One of the patterns that we have observed in our study of Tesco’s journey to America as Fresh & Easy is that much of the media takes the easy way out and simply parrots company press releases. They may not be specialists in the company or industry they are reporting on, or they just don’t have the time to really dig in deep.
So when Tesco announced its results for the third quarter, the reporting on Fresh & Easy frequently focused on the one statistic that management elected to highlight:
In the United States, sales were up 38.5% with a particularly successful Thanksgiving holiday period. Like-for-like sales growth remained strong at 9.8% driven primarily by increased customer numbers.
This was the lead for many of the articles that mentioned Fresh & Easy. The implication was that this is a strong performance. It is actually very weak performance.
Numbers such as these can’t really be interpreted in isolation. The total increase in sales tells us mostly that Tesco opened more Fresh & Easy stores. The “like-for-like,” which in the U.S. we call “same store sales,” can only be interpreted in the context of the age of the stores.
Stores have a natural maturation process the first five or so years. You expect sales to increase each year.
We explained this almost three years ago in a piece titled, Fresh & Easy Reaches Out To Shoppers As Competitors Work To Block Its Growth:
…the volume that Tesco needs seems unlikely to be in the cards for a long time. When a new store opens, sales commonly drop, not increase, by 20 or 30% within the first four weeks.
Then, they can start to grow, but rarely by leaps and bounds. If these stores have stabilized at $50,000 a week after being open a month or two, you would expect to see sales at $60,000 a week a year later, $69,000 two years later, $80,000 after three years and, say $90,000 after four years.
Now if the concept really takes off and gains wide acceptance, instead of a gain of 20% and then 15% each year, you could get a gain of, initially, 35% and then 25% after that. Still that would only mean $67,500 per week per store a year from now.

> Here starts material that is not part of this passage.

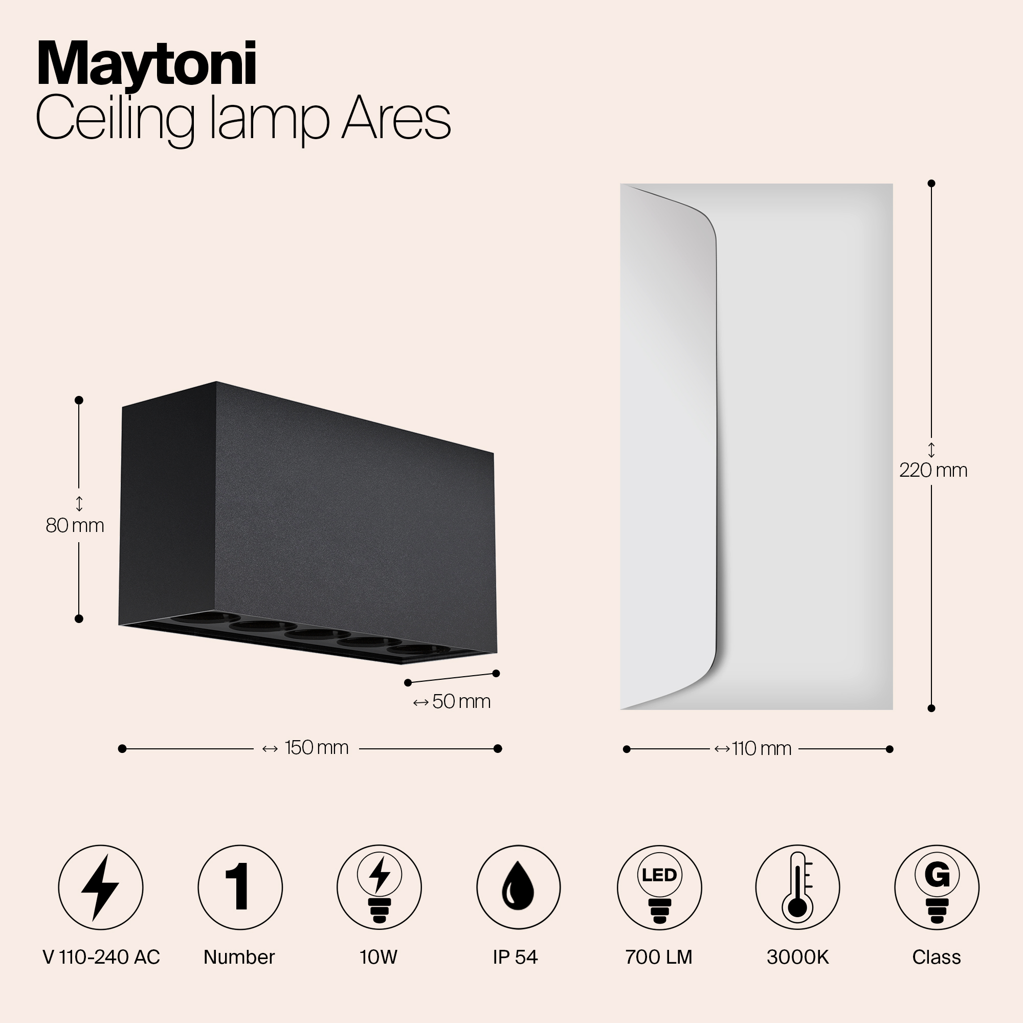 Металлический корпус. Рассеиватель из стекла. Цвет — графит. LED-источник света, цветовая температура — 3000К. Индекс цветопередачи — 80Ra. Высокая степень защиты — IP 65.
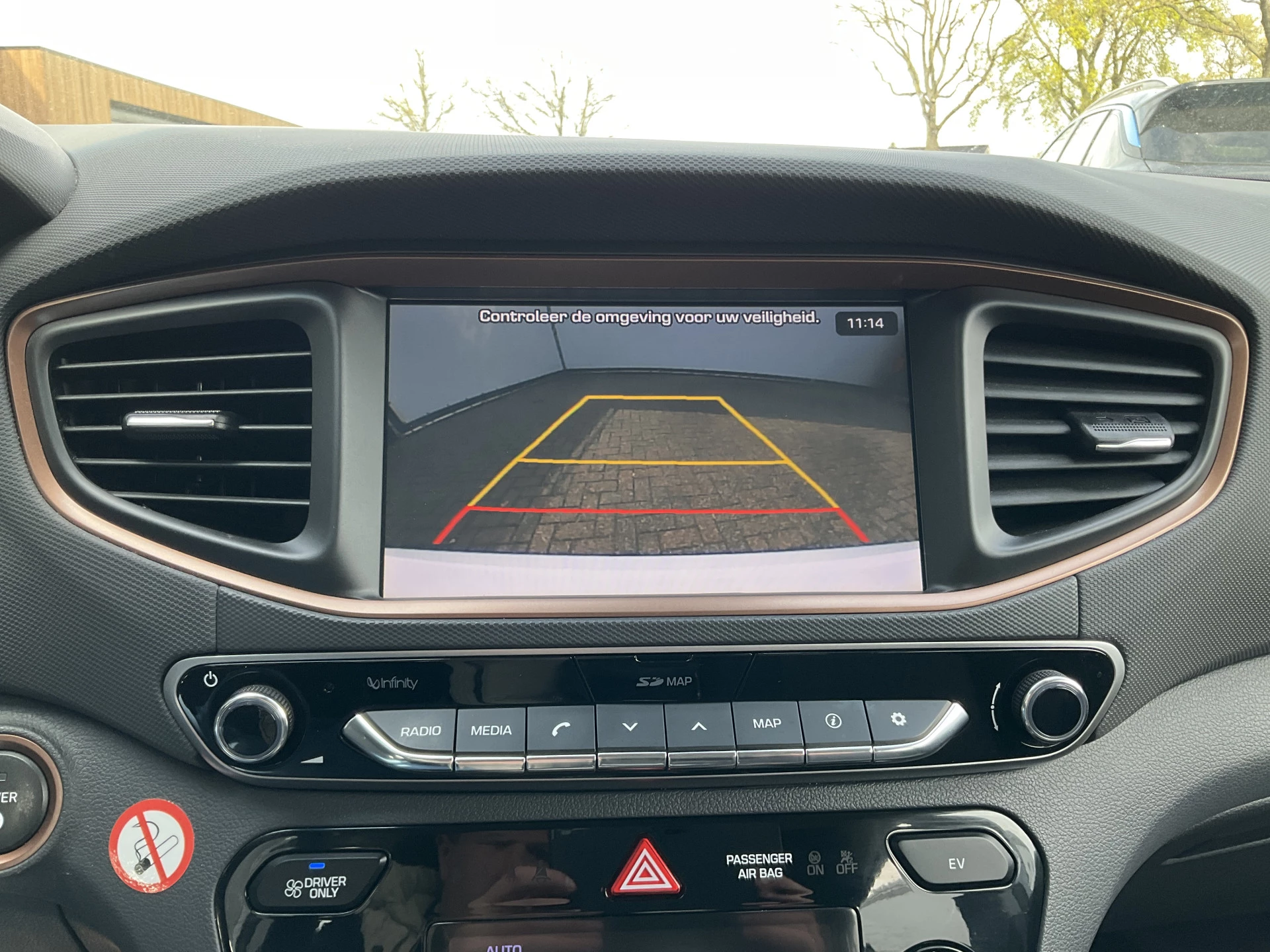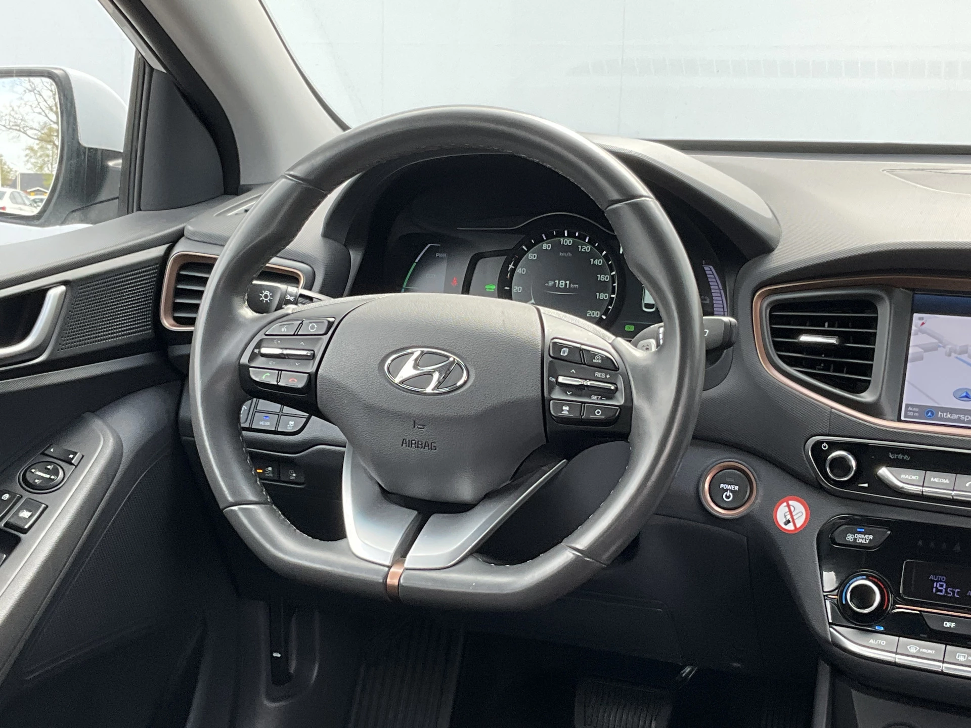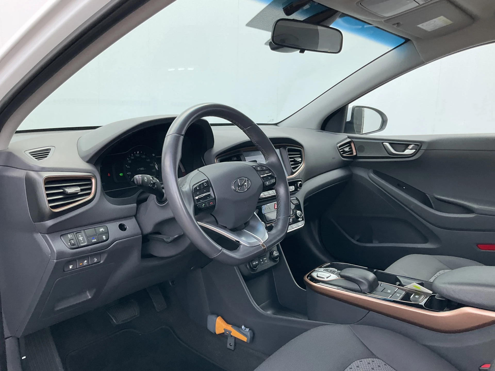 Zoals u mag verwachten van deze Hyundai IONIQ is hij uitgerust met een reeks aan actieve veiligheidssystemen. Het Lane-keeping systeem zorgt voor een automatisch constante positie binnen de rijstrook. Afdwalen is uitgesloten. Bovenop deze veiligheidsfeatures heeft deze Hyundai bovendien hill hold functie, autonoom remsysteem en bandenspanningcontrolesysteem.

Fresh & Easy is in the sweet spot right now for same-store sales. None of its stores are over five-years-old, so all should be increasing nicely. Stores going from year one to year two should be increasing at least 20% and preferably 35%. Stores going from year two to three or three to four should be showing same-store sales increases of at least 15% and, if the concept is really successful, 25%.
Obviously there are other factors that are needed to evaluate the situation. Large boosts in sales can often be achieved through heavy promotional expenditures, low prices, extensive couponing, etc. So we have to wait for Tesco to release profitability information to really evaluate these claims.
But this much is clear: The 9.8% growth in same-store sales is not a triumph. It is below the average experience of American supermarket chains for young stores. It indicates that Fresh & Easy continues to underperform.
The trumpeting of the number is really a bet that the media will not be familiar with the facts and will repeat the claim without qualifying it — a bet Tesco won, at least in this case.
Of course, in the end, media relations can only go so far. The question is will the stores make an adequate return on investment. That seems unlikely for a very long time.